◆ **TASK REQUIREMENTS**
Your output should be the lines below from the one with "全球前十大铜企产量稳定,增速" through the one with "Esse uniforme operacional", copied exactly, pictures excluded.

◆ **MATERIAL FOR THIS TASK**

• • •

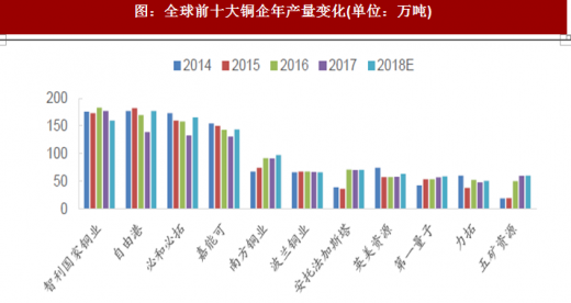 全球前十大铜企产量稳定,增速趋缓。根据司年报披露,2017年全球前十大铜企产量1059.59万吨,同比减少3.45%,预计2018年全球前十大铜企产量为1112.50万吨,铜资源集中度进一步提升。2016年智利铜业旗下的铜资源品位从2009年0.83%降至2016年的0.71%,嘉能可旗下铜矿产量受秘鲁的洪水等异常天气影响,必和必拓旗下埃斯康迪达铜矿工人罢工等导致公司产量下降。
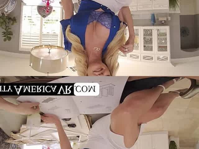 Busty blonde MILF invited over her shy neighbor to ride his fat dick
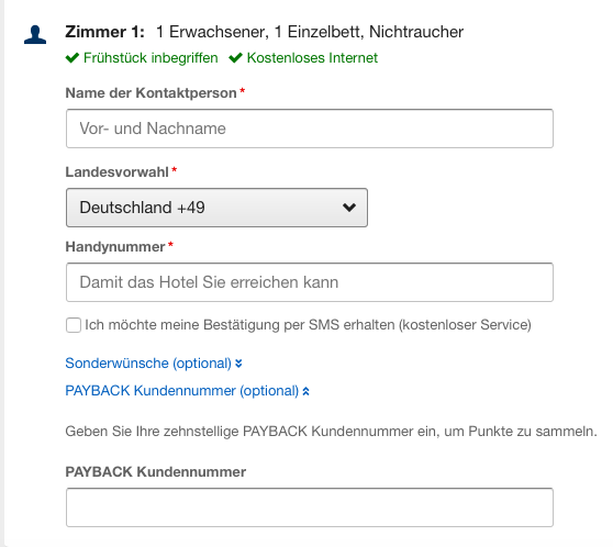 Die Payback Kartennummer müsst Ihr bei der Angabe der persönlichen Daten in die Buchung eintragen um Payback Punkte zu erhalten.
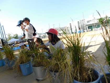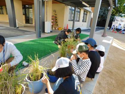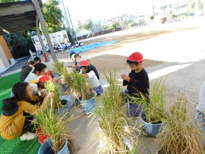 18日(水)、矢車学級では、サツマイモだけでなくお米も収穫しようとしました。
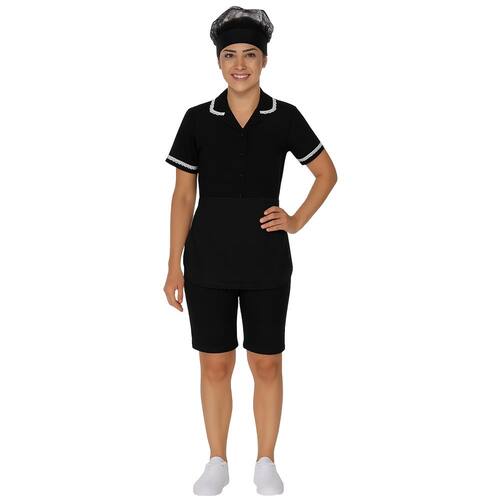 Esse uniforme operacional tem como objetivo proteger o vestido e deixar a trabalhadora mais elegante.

• • •

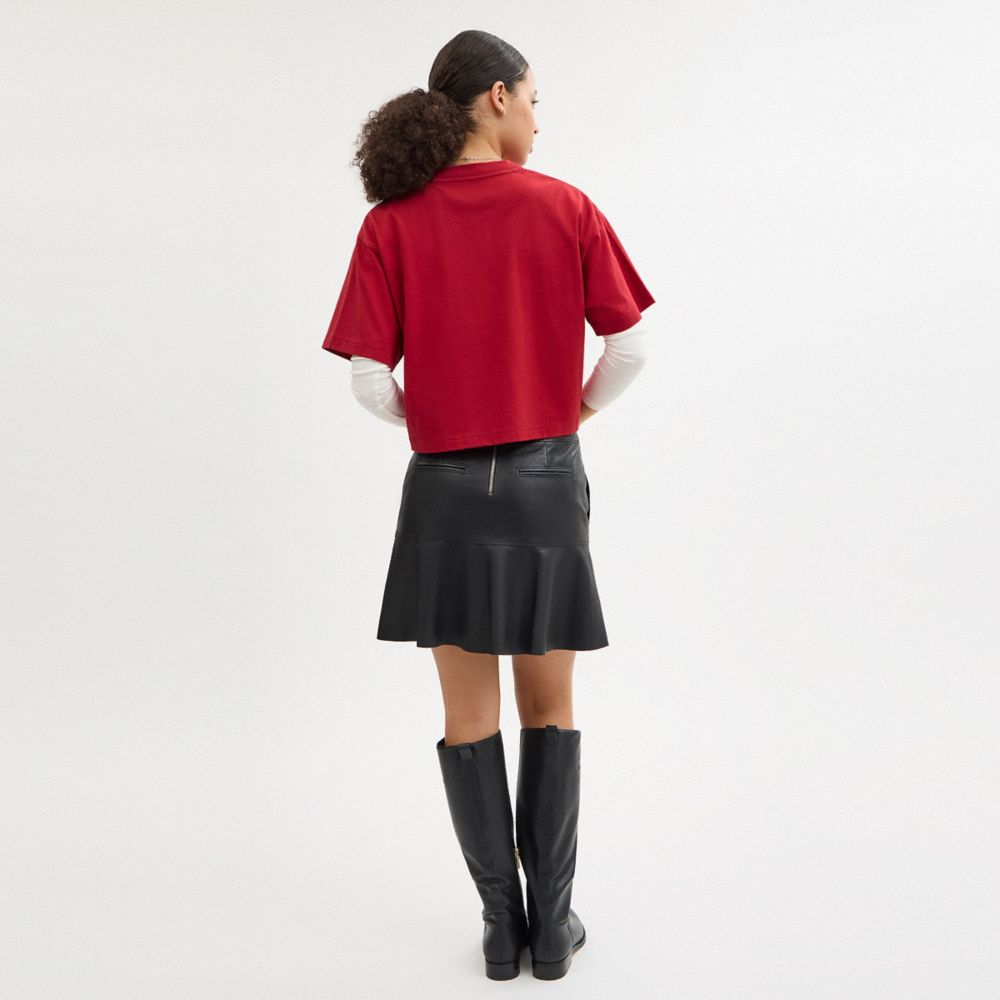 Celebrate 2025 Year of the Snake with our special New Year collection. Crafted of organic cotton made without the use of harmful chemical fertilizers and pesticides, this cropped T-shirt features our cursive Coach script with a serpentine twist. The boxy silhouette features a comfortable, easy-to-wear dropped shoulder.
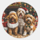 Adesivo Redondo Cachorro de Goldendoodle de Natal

• • •

◆ **TASK ANSWER**
 全球前十大铜企产量稳定,增速趋缓。根据司年报披露,2017年全球前十大铜企产量1059.59万吨,同比减少3.45%,预计2018年全球前十大铜企产量为1112.50万吨,铜资源集中度进一步提升。2016年智利铜业旗下的铜资源品位从2009年0.83%降至2016年的0.71%,嘉能可旗下铜矿产量受秘鲁的洪水等异常天气影响,必和必拓旗下埃斯康迪达铜矿工人罢工等导致公司产量下降。
 Busty blonde MILF invited over her shy neighbor to ride his fat dick
 Die Payback Kartennummer müsst Ihr bei der Angabe der persönlichen Daten in die Buchung eintragen um Payback Punkte zu erhalten.
 18日(水)、矢車学級では、サツマイモだけでなくお米も収穫しようとしました。
 Esse uniforme operacional tem como objetivo proteger o vestido e deixar a trabalhadora mais elegante.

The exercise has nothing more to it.